破壊性甲状腺炎の中の一つで、甲状腺に痛みや発熱を伴い、甲状腺が破壊されることで甲状腺ホルモンが漏出し、一過性に甲状腺ホルモンが過剰となり、甲状腺中毒症の症状が出現します。男女比は1:3〜6と女性に多く、30〜50歳代に好発します。原因は明らかにされていませんが、風邪の症状のあとに起こることが多く、ウイルス感染が関連しているのではないかと考えられています。血液検査で、炎症反応の上昇や、超音波検査で痛い部分に一致した炎症の所見をみつけることで診断します。治療は、症状が強い場合には、副腎皮質ホルモン投与を行うことで速やかに改善します。ただし、再燃することもあるため、その際には慎重に減量していきます。軽症例では、非ステロイド性抗炎症薬の投与で様子をみます。再発は稀であり、通常は2〜3ヶ月で改善します。

甲状腺腫瘍

甲状腺全体が大きくなった状態を、一般的に甲状腺腫と呼びます。その中で、部分的にしこりのようにはれる場合を「結節性甲状腺腫」といいます。結節性甲状腺腫の中には、良性と悪性が含まれますが甲状腺腫瘍は無症状のことが多いため、頸部のしこりに偶然気付いたり、検診などで指摘されたりする方が増えています。多くは良性腫瘍であり、悪性腫瘍(甲状腺がん)は10%程度と決して多くはありません。悪性腫瘍には、乳頭がん、濾胞がん、低分化がん、髄様がん、未分化がんがあり、乳頭がんが全体の90%以上を占めています。
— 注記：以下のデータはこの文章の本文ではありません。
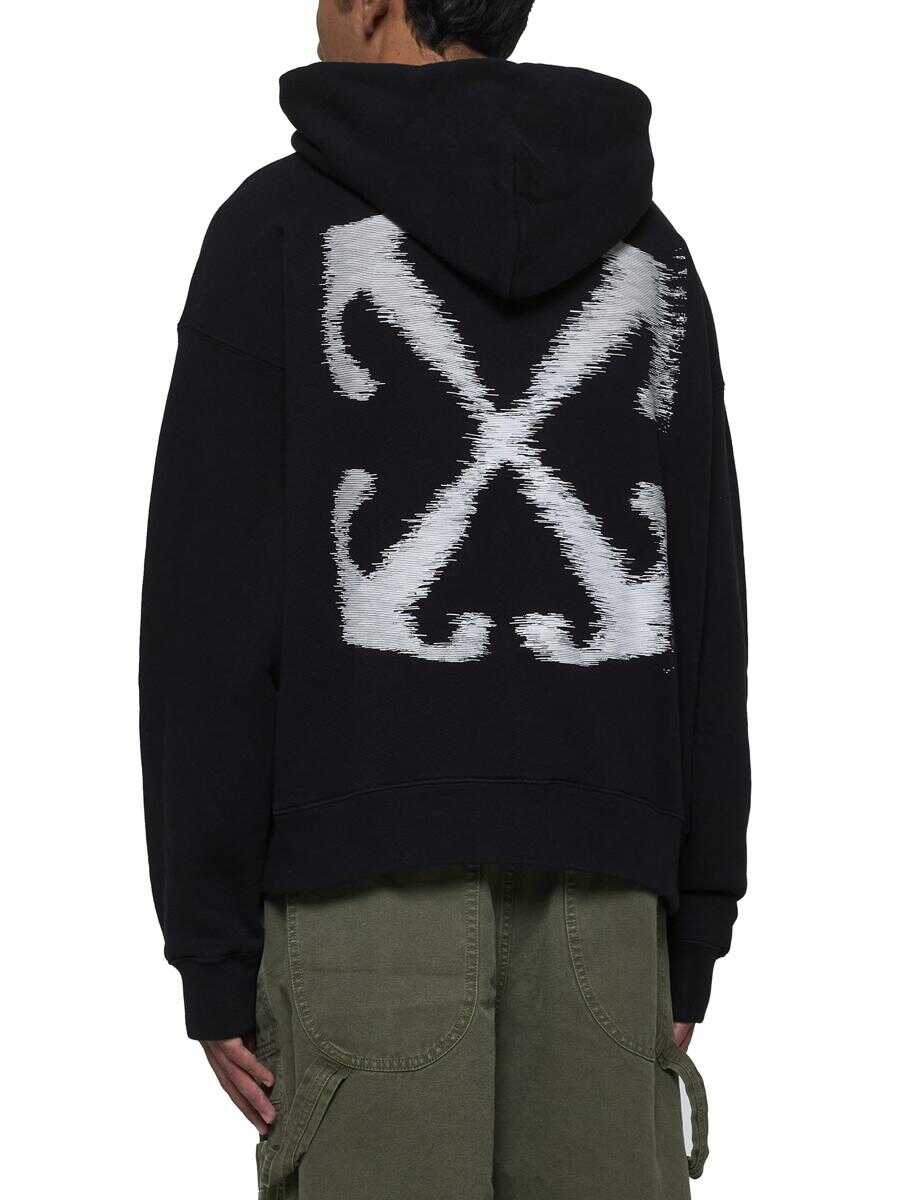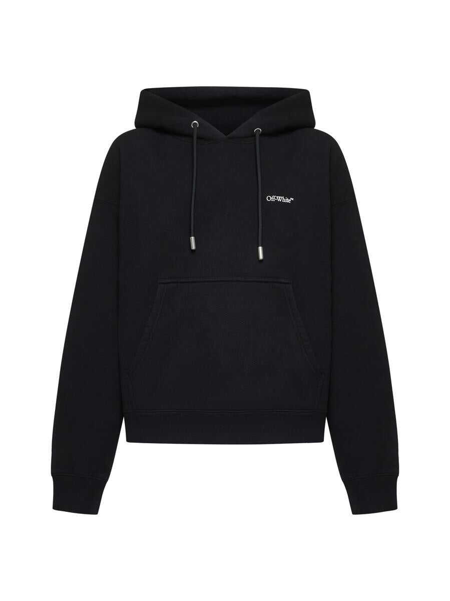 Off-White’s black cotton skater-fit hoodie featuring an adjustable drawstring at the hood, dropped shoulders, logo printed on the chest, front kangaroo pocket, Windy Arrow logo printed on the back and ribbed edges.

甲状腺に腫瘍が見つかった場合、まず、超音波検査を行い、悪性が疑われれば、精密検査として穿刺吸引細胞診を実施して良悪性を鑑別します。良性腫瘍であれば、原則的には経過観察となります。悪性腫瘍の合併が疑われる場合には、手術を検討していきます。当院では、穿刺吸引細胞診は行っておりませんが、超音波検査による精査、経過観察や専門機関へのご紹介は可能です。